__Problem to solve__. Once you find the line with "Como es tradición, la", transcribe it and all the lines that follow to the end of the data, exactly as written; skip any pictures.

#### Records supplied

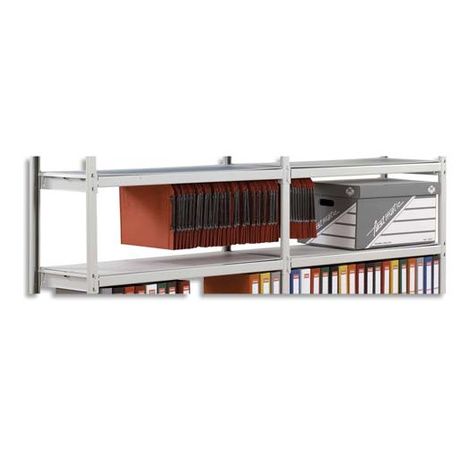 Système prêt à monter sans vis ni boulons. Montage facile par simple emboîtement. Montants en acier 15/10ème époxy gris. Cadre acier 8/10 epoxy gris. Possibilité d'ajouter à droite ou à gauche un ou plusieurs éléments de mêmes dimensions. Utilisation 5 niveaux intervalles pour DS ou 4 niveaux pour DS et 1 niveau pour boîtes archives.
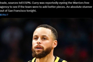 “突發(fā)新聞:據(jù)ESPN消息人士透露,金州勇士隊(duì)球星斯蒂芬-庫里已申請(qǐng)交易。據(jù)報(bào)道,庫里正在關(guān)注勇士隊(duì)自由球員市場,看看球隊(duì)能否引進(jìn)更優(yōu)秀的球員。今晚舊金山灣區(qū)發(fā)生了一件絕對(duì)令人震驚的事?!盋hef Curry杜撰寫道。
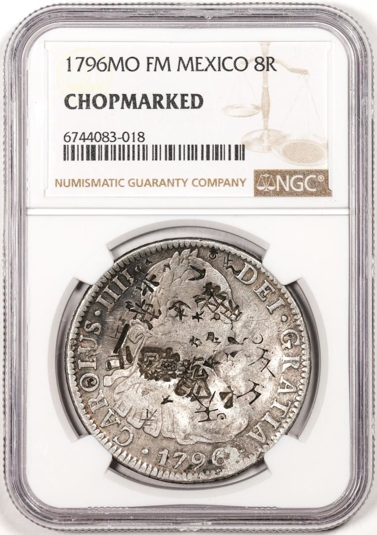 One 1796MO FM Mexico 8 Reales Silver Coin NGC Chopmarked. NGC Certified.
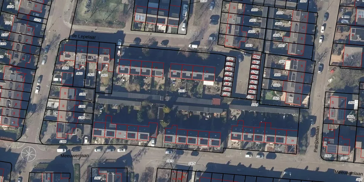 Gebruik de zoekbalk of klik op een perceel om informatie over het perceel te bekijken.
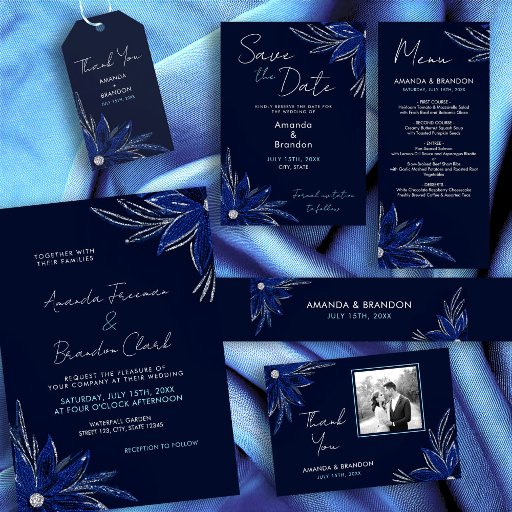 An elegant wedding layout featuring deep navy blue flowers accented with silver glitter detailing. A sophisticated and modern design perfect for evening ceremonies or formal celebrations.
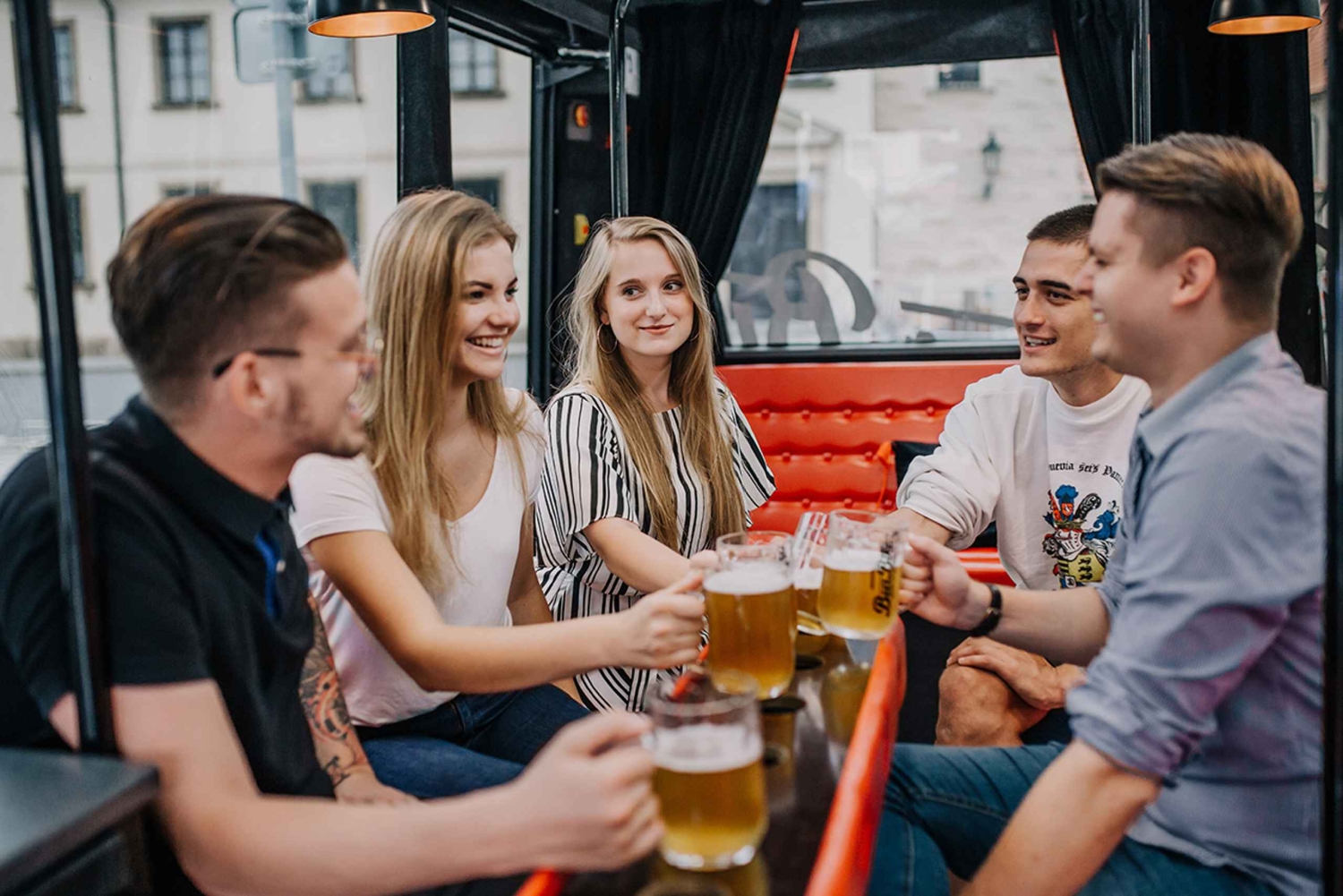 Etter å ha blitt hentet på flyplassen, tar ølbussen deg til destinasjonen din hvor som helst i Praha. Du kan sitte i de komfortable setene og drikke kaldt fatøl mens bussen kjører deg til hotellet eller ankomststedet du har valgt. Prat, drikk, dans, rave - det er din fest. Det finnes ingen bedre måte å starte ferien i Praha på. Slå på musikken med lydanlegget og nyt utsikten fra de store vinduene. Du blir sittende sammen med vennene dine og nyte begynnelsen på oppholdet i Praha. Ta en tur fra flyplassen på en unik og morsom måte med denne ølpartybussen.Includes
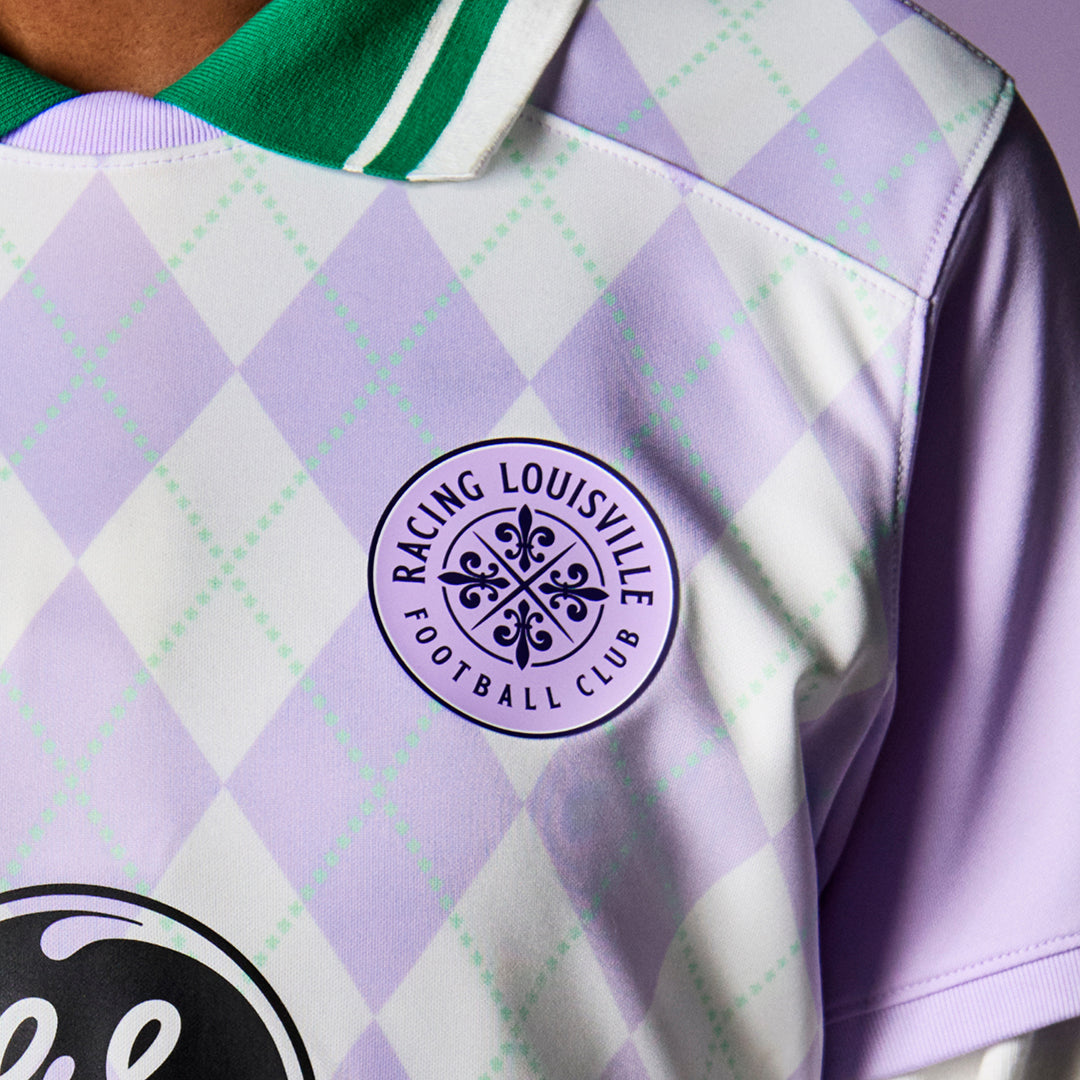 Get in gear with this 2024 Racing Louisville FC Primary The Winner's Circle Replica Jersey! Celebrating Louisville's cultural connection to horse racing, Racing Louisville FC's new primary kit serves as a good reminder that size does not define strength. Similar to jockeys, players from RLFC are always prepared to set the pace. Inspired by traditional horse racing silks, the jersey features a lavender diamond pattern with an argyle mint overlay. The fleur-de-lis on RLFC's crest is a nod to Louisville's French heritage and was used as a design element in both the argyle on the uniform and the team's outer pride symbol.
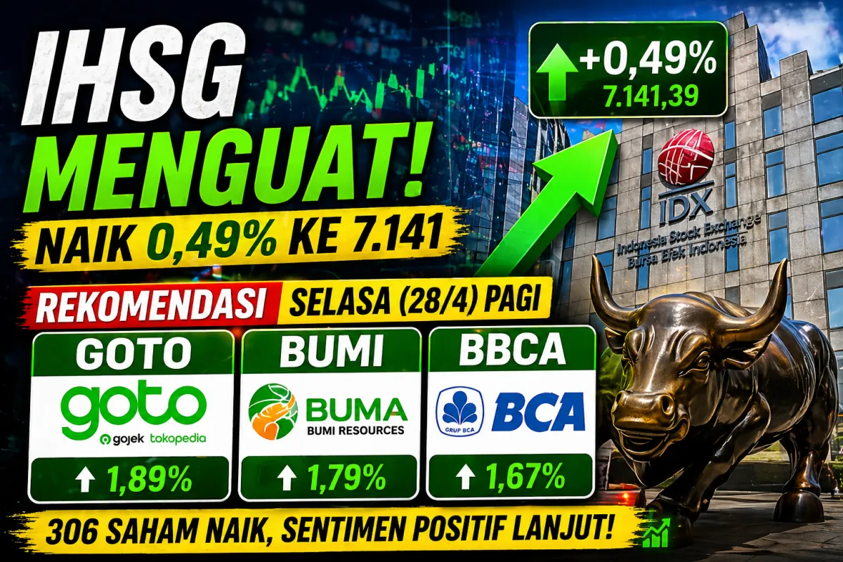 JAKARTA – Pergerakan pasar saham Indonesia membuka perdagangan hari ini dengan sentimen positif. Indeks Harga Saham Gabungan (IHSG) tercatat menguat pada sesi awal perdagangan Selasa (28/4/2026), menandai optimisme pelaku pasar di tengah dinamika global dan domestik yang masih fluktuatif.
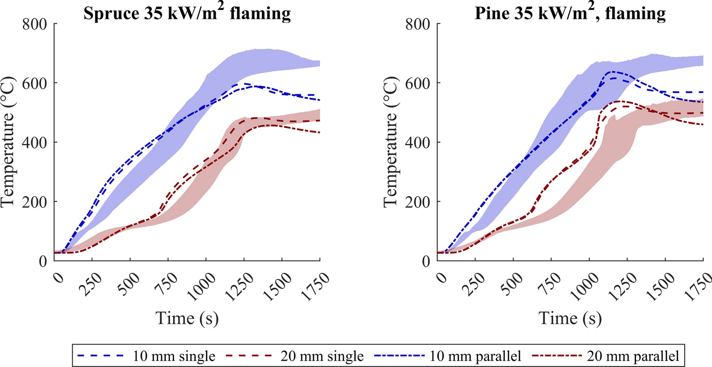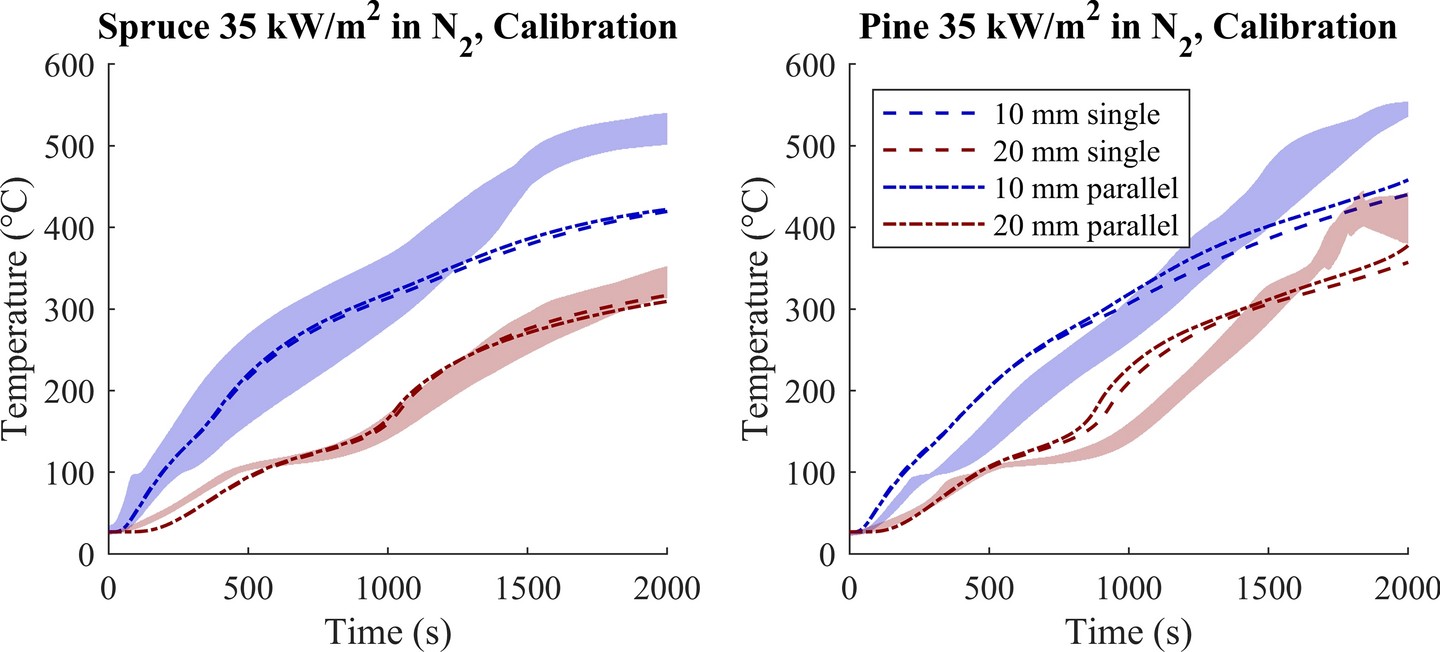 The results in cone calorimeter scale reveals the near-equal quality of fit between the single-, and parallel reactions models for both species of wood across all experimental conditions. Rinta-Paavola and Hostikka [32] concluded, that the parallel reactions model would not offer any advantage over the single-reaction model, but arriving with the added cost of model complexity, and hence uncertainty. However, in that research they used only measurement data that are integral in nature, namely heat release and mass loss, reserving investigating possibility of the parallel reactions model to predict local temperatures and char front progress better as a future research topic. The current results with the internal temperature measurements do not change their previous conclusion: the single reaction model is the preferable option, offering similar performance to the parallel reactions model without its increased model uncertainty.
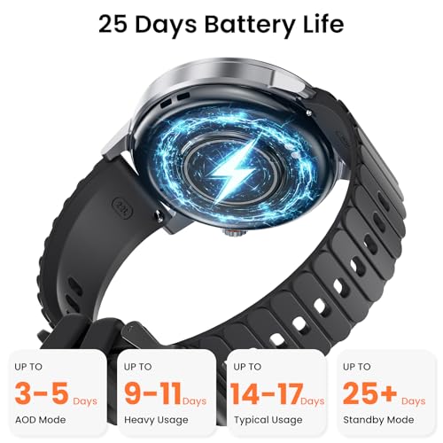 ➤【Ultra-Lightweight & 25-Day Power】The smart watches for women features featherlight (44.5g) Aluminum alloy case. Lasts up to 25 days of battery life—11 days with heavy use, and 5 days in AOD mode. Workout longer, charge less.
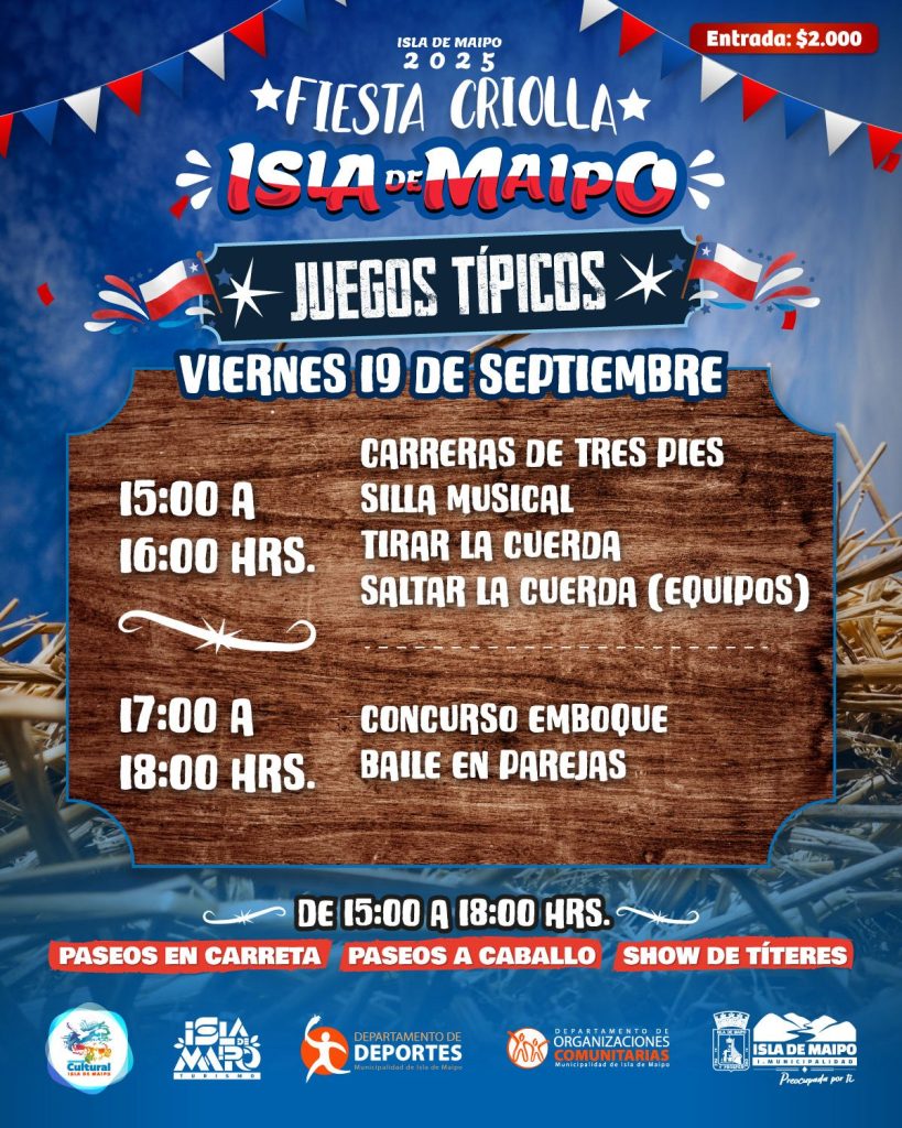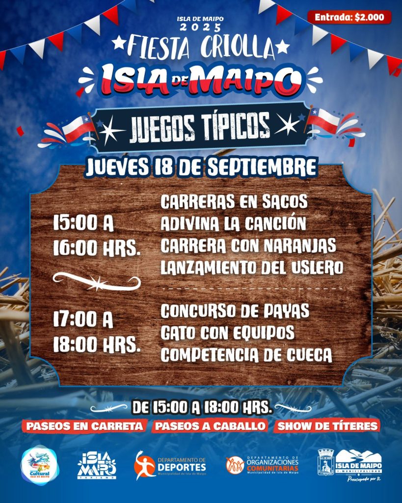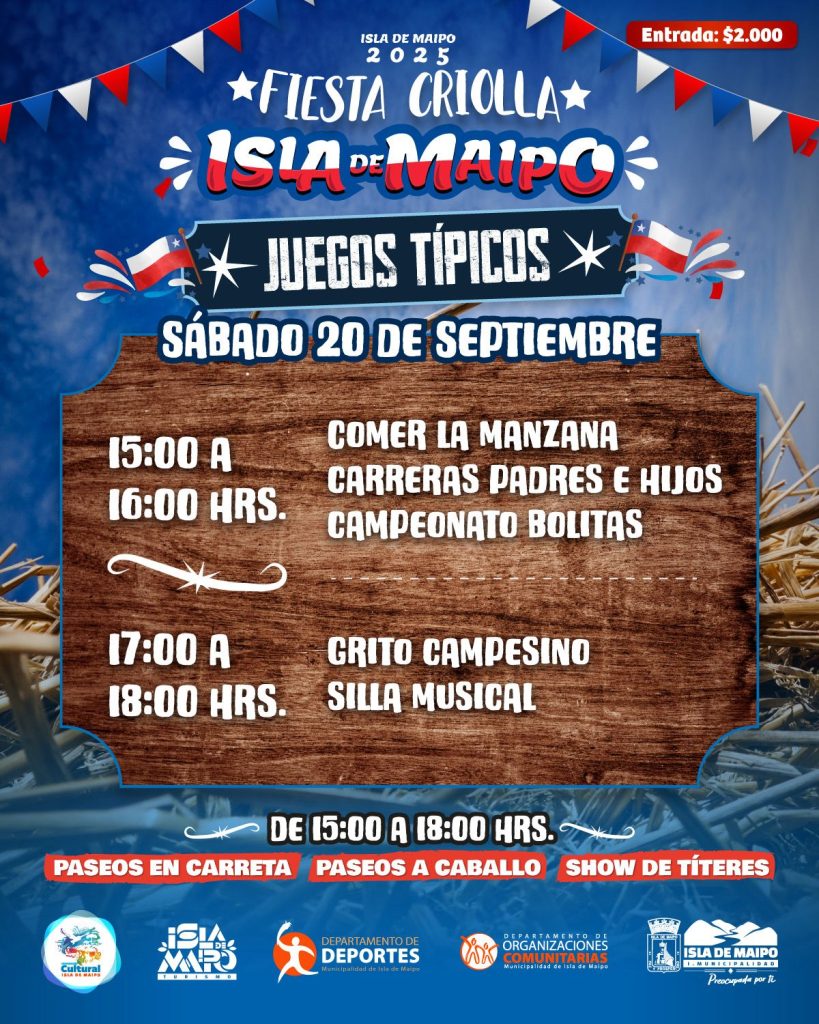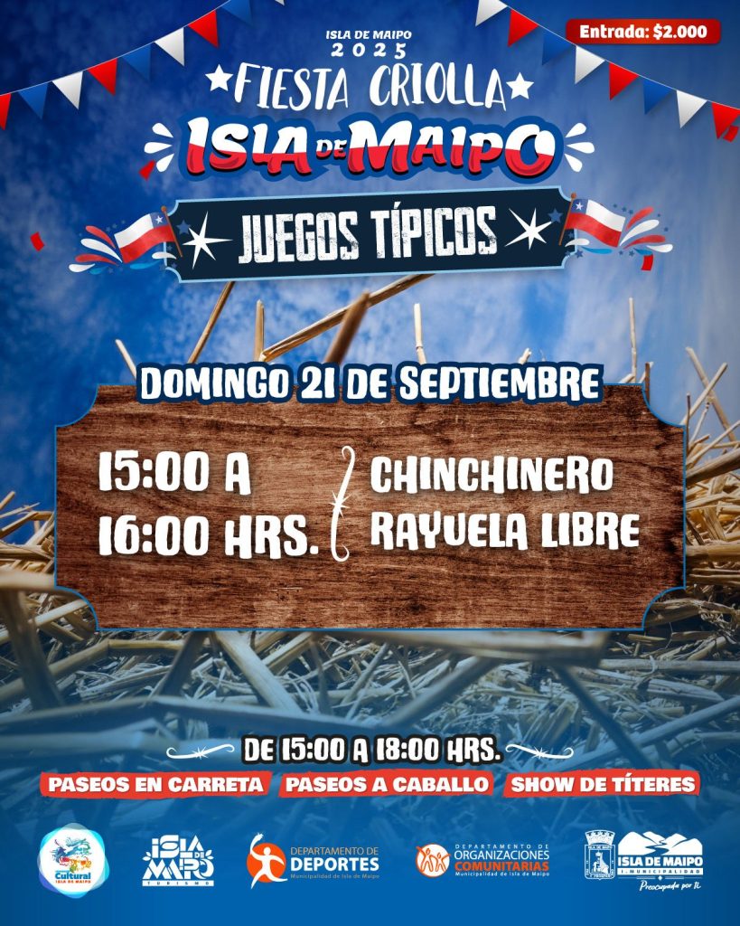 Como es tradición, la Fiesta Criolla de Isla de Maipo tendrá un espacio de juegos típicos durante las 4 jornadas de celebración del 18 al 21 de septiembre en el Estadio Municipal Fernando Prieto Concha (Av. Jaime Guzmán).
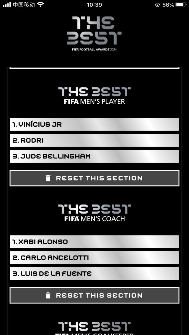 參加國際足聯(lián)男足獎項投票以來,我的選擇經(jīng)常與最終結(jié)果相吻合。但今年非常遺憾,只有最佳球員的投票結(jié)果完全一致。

########

__Result for this task__.
 Como es tradición, la Fiesta Criolla de Isla de Maipo tendrá un espacio de juegos típicos durante las 4 jornadas de celebración del 18 al 21 de septiembre en el Estadio Municipal Fernando Prieto Concha (Av. Jaime Guzmán).
 參加國際足聯(lián)男足獎項投票以來,我的選擇經(jīng)常與最終結(jié)果相吻合。但今年非常遺憾,只有最佳球員的投票結(jié)果完全一致。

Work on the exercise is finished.